In this episode of Land Language, hosts Brit Sastrawidjaya and Bethany Rydmark sit down with Brittney Herrera, CEO of Thunder Egg and GeoTune. Brittney spent 25 years designing high-performance interiors for Fortune 500 tech companies, spaces that make people want to show up, stay, and do their best work. Over time, she found herself drawn to something beneath all of it: the energetic condition of the land. We discuss geopathic stress: what causes it, what it does, and what a one-cubit copper rod buried in the ground can change.

“  Commercial properties were responding, teams were gelling, their landscapes were affected, and their mechanical equipment—because geopathic stress really can wreak havoc on, electrical systems and mechanical systems.”

—Brittney Herrera

We explore:

  • How underground water, ore, minerals, and fault lines create lines of stress that affect the health of everything built above them

  • Brittney’s tuning process and how she remote-views a property

  • A Michelin-key hotel that saw revenue increase the year it was tuned

  • Using plants and dead spots as indicators of a shift in the land’s energy

  • The importance of permission and readiness, especially for skeptical clients

Brittney's entry into this work was skeptical and pragmatic. She tuned her own property first, watching where trees had struggled along stress lines, noticing headaches that disappeared when the geopathic stress running through her pillow was addressed. She moved on to friends, then family, then clients, and began accumulating stories she hadn't predicted.

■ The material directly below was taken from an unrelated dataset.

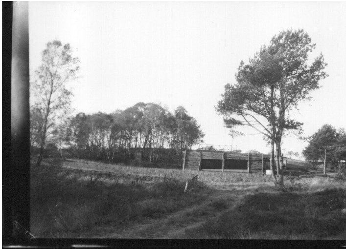
Scheibenstand um 1927

Her practice at GeoTune sits at the intersection of two disciplines: the built environment she's spent decades working in, and an ancient tradition of working with the earth's energy grid that predates modern design by centuries. It's adjacent to feng shui but older, more physical, more tied to the specific geology underfoot: underground water, fault lines, mineral deposits, and the distortions those create in the space above.

This is a conversation for landscape professionals who've had a client mention the house that wouldn't sell, the tree that kept dying in the same spot, the basement that kept flooding, and wondered if there was a layer they weren't seeing.

Brittney Herrera is CEO of Thunder Egg, her interior architecture practice, and GeoTune, where she applies geopathic stress remediation to homes, commercial properties, and agricultural land. She has spent 25 years designing high-performance environments for Fortune 500 technology companies, and has trained extensively in remote viewing at the Monroe Institute. Her work now takes her from Portland to Bali, Tibet, Nepal, and beyond.